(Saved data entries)
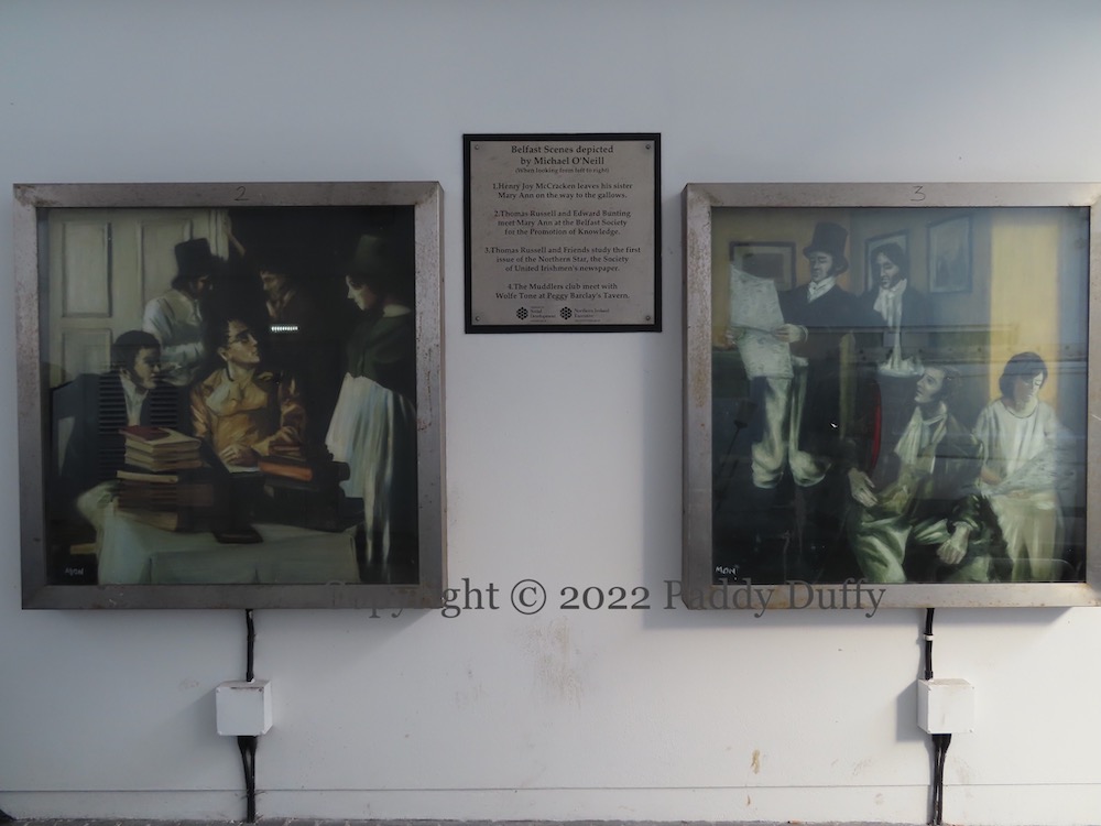 Four paintings by Michael O’Neill were added in 2008 to Warehouse Lane with the redevelopment of the Four Corners buildings (BBC) (at the junction of Waring Street and Donegall Street) depicting scenes from the history of the United Irishmen: Wolfe Tone and the Muddlers; Henry Joy McCracken goes to the gallows; Russell, Bunting, and Mary Ann McCracken; Russell with the first edition of the Northern Star.
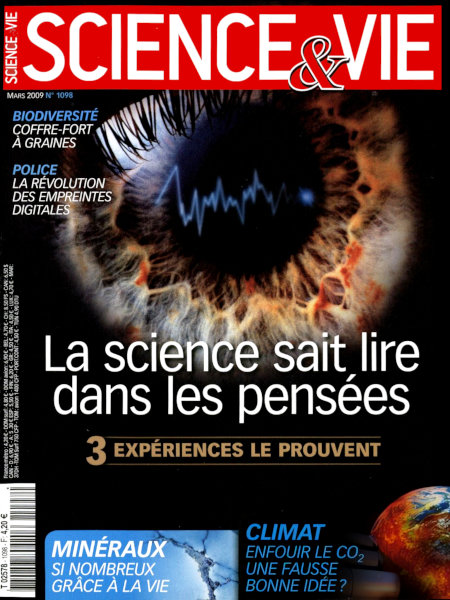mars 2009 – 144 pages• Avant-propos : À voir, dans les pensées… • FORUM : Réactions, critiques, remarques… nos lecteurs prennent la plume • ILS L’ONT FAIT : Retour en image sur les derniers événements scientifiques ACTUALITÉS • EN DIRECT DES LABOS : Pour rajeunir, des étoiles se font ogresses – La fourmi usurpatrice est trahie par son odeur – Le moustique amoureux vibre à 1 200 Hz – etc. • L’EXPLOIT : L’holographie de proximité est née • PLANÈTE TERRE : • ENVIRONNEMENT : Le mystère de la Chaussée des géants a été élucidé – L’homme accélère l’évolution des espèces – etc. • SANTÉ : L’hydre révèle un pouvoir antibiotique insoupçonné – On sait comment l’acarien déclenche l’allergie – etc. • TECHNOS : Des sacs d’eau vont mieux cibler les feux de forêts – etc. À LA UNE : Décodeur cérébral VIE D’AUJOURD’HUI • BIODIVERSITÉ : En plein cœur du Spitzberg, un étonnant sanctuaire conserve une copie de sauvegarde de toutes les graines de la planète • EFFET DE SERRE : Stocker le CO2 sous terre ne semble plus être une solution miraculeuse au réchauffement • POLLUTION LUMINEUSE : L’éclairage nocturne bouleverse les écosystèmes et constitue un énorme gaspillage énergétique • POLICE SCIENTIFIQUE : Des techniques hypersophistiquées améliorent la récolte des empreintes digitales FONDAMENTAL • SYLPHES ROUGES : Presque la fin du mystère • ADN : C’est une enzyme qui recolle ses brins • MINÉRAUX : Sans la vie, il n’en existerait pas autant • LIMACE DE MER : Un cas unique d’animal doué de photosynthèse EN PRATIQUE • Q & R : Comment calcule-t-on l’heure de décès d’une victime ? – Pourquoi cracher dans le masque avant la plongée ? – Que devient le virus de la grippe en été ? – etc. • LE POINT SUR… la souris d’ordinateur • TECHNOFOLIES : Une voiture aux allures d’ovni pour gagner en performances – Le baladeur champion d’autonomie – La planche qui veut révolutionner la glisse – etc. • À LIRE / À VOIR / .NET : Tout sur les livres, expositions, films, sites web, etc., de l’actualité des sciences. Et toujours « le Ciel du mois » • NOS 3 QUESTIONS À… Hervé Le Bras |
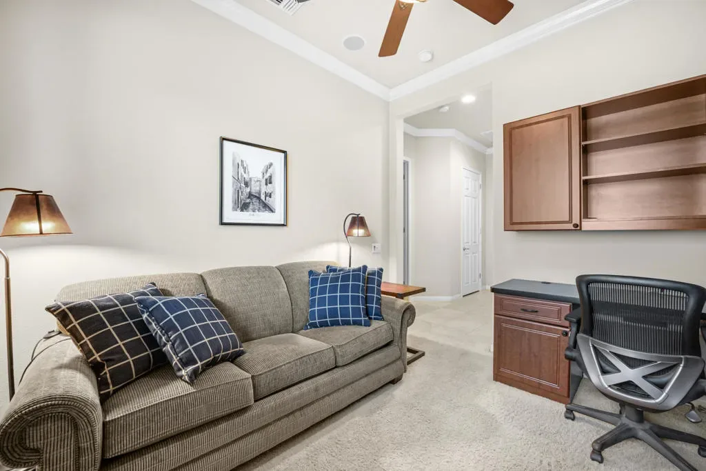 Welcome to your dream retreat in the prestigious Sun City Shadow Hills, a vibrant 55+ community. This stunning 3-bedroom including private casita, 3-bathroom home offers the perfect blend of luxury and comfort, ideal for a seasonal lease. The den is set up for additional sleepers with a sofa bed and a workdesk. As you step inside, you’ll be greeted by a spacious open floor plan, beautifully furnished and ready for you to start enjoying the desert lifestyle. Theliving area features a cozy fireplace, perfect for relaxing evenings, while the kitchen is equipped with brand new modern appliances and ample counter spacefor all your culinary adventures. Each bedroom is a private oasis, offering comfort and tranquility. Step outside to your backyard with a built in BBQ, whereyou can soak up the sun or entertain guests amidst the stunning golf course overlooking the third fairway. As a resident of Sun City Shadow Hills, you’ll haveaccess to a wealth of amenities, including golf courses, swimming pools, fitness centers, and a bustling clubhouse with a variety of social activities. Don’tmiss the opportunity to experience resort-style living in this exceptional community. Rented Jan-March 2027.
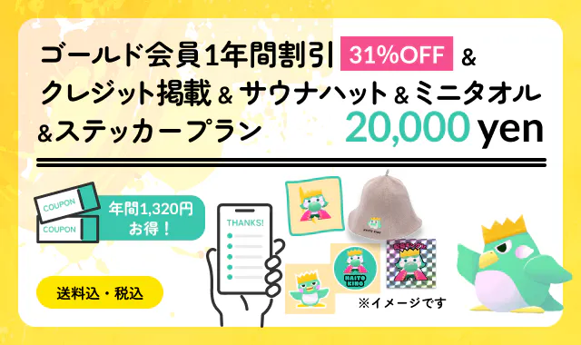 【クラファン限定】ゴールド会員1年間割引&ミニタオル&ステッカープラン
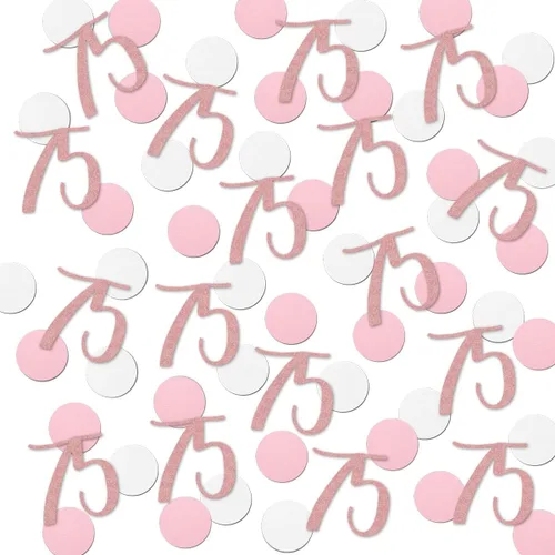 Confeti de oro rosa 75, confeti número 75 con purpurina, 200 piezas de decoración de mesa de fiesta de aniversario
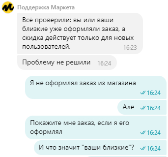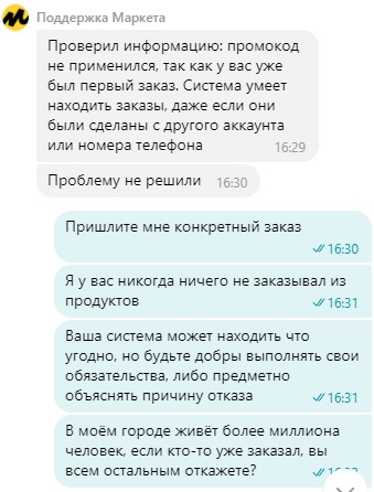 Но как же так? Это мой первый заказ у данного агрегатора в разделе "продукты" (честно-честно, никогда этой помойкой ранее не пользовался для заказа продуктов, даже в мыслях не было). По срокам всё соблюдено, может сумма больше 3к смутила? Уменьшил сумму - лучше не стало. Пишу в поддержку. Надеюсь на адекватный ответ (ха-ха, наивный). Получаю вот такие комментарии:
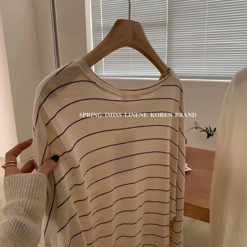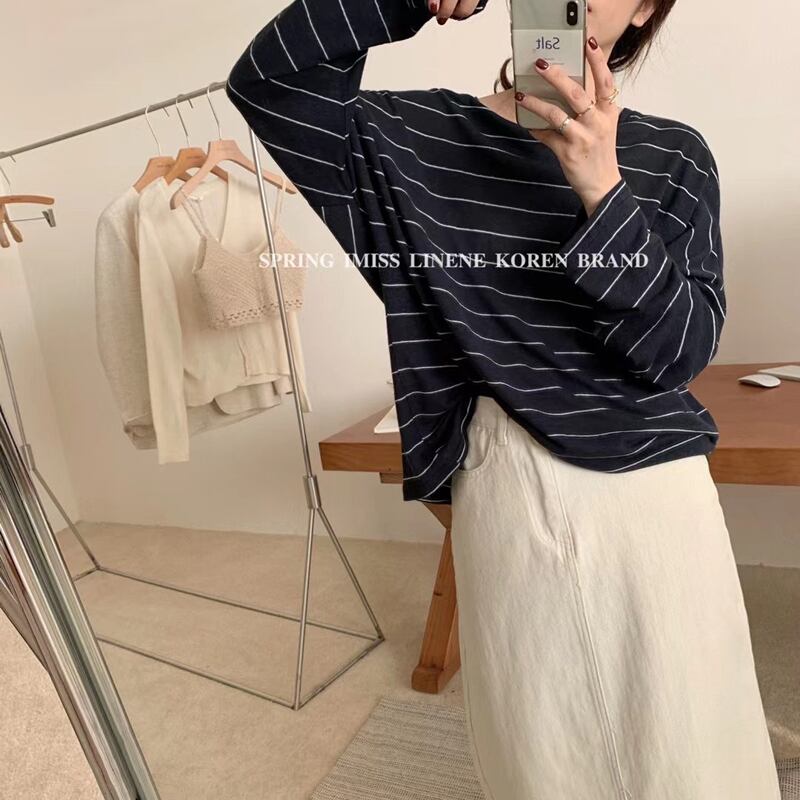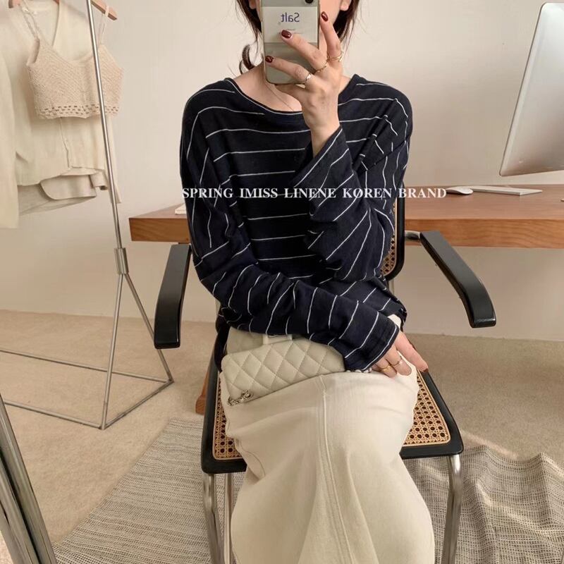ラウンドネックストライプ長袖スリーブTシャツ トップス スプリングレディース ロング 春物 Oネック ビッグFスモールZ韓国97502702941

- _Exercise description_
A word-for-word retyping of every record is required, without the pictures.

- _Output of the exercise_
 Four paintings by Michael O’Neill were added in 2008 to Warehouse Lane with the redevelopment of the Four Corners buildings (BBC) (at the junction of Waring Street and Donegall Street) depicting scenes from the history of the United Irishmen: Wolfe Tone and the Muddlers; Henry Joy McCracken goes to the gallows; Russell, Bunting, and Mary Ann McCracken; Russell with the first edition of the Northern Star.
mars 2009 – 144 pages• Avant-propos : À voir, dans les pensées… • FORUM : Réactions, critiques, remarques… nos lecteurs prennent la plume • ILS L’ONT FAIT : Retour en image sur les derniers événements scientifiques ACTUALITÉS • EN DIRECT DES LABOS : Pour rajeunir, des étoiles se font ogresses – La fourmi usurpatrice est trahie par son odeur – Le moustique amoureux vibre à 1 200 Hz – etc. • L’EXPLOIT : L’holographie de proximité est née • PLANÈTE TERRE : • ENVIRONNEMENT : Le mystère de la Chaussée des géants a été élucidé – L’homme accélère l’évolution des espèces – etc. • SANTÉ : L’hydre révèle un pouvoir antibiotique insoupçonné – On sait comment l’acarien déclenche l’allergie – etc. • TECHNOS : Des sacs d’eau vont mieux cibler les feux de forêts – etc. À LA UNE : Décodeur cérébral VIE D’AUJOURD’HUI • BIODIVERSITÉ : En plein cœur du Spitzberg, un étonnant sanctuaire conserve une copie de sauvegarde de toutes les graines de la planète • EFFET DE SERRE : Stocker le CO2 sous terre ne semble plus être une solution miraculeuse au réchauffement • POLLUTION LUMINEUSE : L’éclairage nocturne bouleverse les écosystèmes et constitue un énorme gaspillage énergétique • POLICE SCIENTIFIQUE : Des techniques hypersophistiquées améliorent la récolte des empreintes digitales FONDAMENTAL • SYLPHES ROUGES : Presque la fin du mystère • ADN : C’est une enzyme qui recolle ses brins • MINÉRAUX : Sans la vie, il n’en existerait pas autant • LIMACE DE MER : Un cas unique d’animal doué de photosynthèse EN PRATIQUE • Q & R : Comment calcule-t-on l’heure de décès d’une victime ? – Pourquoi cracher dans le masque avant la plongée ? – Que devient le virus de la grippe en été ? – etc. • LE POINT SUR… la souris d’ordinateur • TECHNOFOLIES : Une voiture aux allures d’ovni pour gagner en performances – Le baladeur champion d’autonomie – La planche qui veut révolutionner la glisse – etc. • À LIRE / À VOIR / .NET : Tout sur les livres, expositions, films, sites web, etc., de l’actualité des sciences. Et toujours « le Ciel du mois » • NOS 3 QUESTIONS À… Hervé Le Bras |
 Welcome to your dream retreat in the prestigious Sun City Shadow Hills, a vibrant 55+ community. This stunning 3-bedroom including private casita, 3-bathroom home offers the perfect blend of luxury and comfort, ideal for a seasonal lease. The den is set up for additional sleepers with a sofa bed and a workdesk. As you step inside, you’ll be greeted by a spacious open floor plan, beautifully furnished and ready for you to start enjoying the desert lifestyle. Theliving area features a cozy fireplace, perfect for relaxing evenings, while the kitchen is equipped with brand new modern appliances and ample counter spacefor all your culinary adventures. Each bedroom is a private oasis, offering comfort and tranquility. Step outside to your backyard with a built in BBQ, whereyou can soak up the sun or entertain guests amidst the stunning golf course overlooking the third fairway. As a resident of Sun City Shadow Hills, you’ll haveaccess to a wealth of amenities, including golf courses, swimming pools, fitness centers, and a bustling clubhouse with a variety of social activities. Don’tmiss the opportunity to experience resort-style living in this exceptional community. Rented Jan-March 2027.
 【クラファン限定】ゴールド会員1年間割引&ミニタオル&ステッカープラン
 Confeti de oro rosa 75, confeti número 75 con purpurina, 200 piezas de decoración de mesa de fiesta de aniversario
 Но как же так? Это мой первый заказ у данного агрегатора в разделе "продукты" (честно-честно, никогда этой помойкой ранее не пользовался для заказа продуктов, даже в мыслях не было). По срокам всё соблюдено, может сумма больше 3к смутила? Уменьшил сумму - лучше не стало. Пишу в поддержку. Надеюсь на адекватный ответ (ха-ха, наивный). Получаю вот такие комментарии:
ラウンドネックストライプ長袖スリーブTシャツ トップス スプリングレディース ロング 春物 Oネック ビッグFスモールZ韓国97502702941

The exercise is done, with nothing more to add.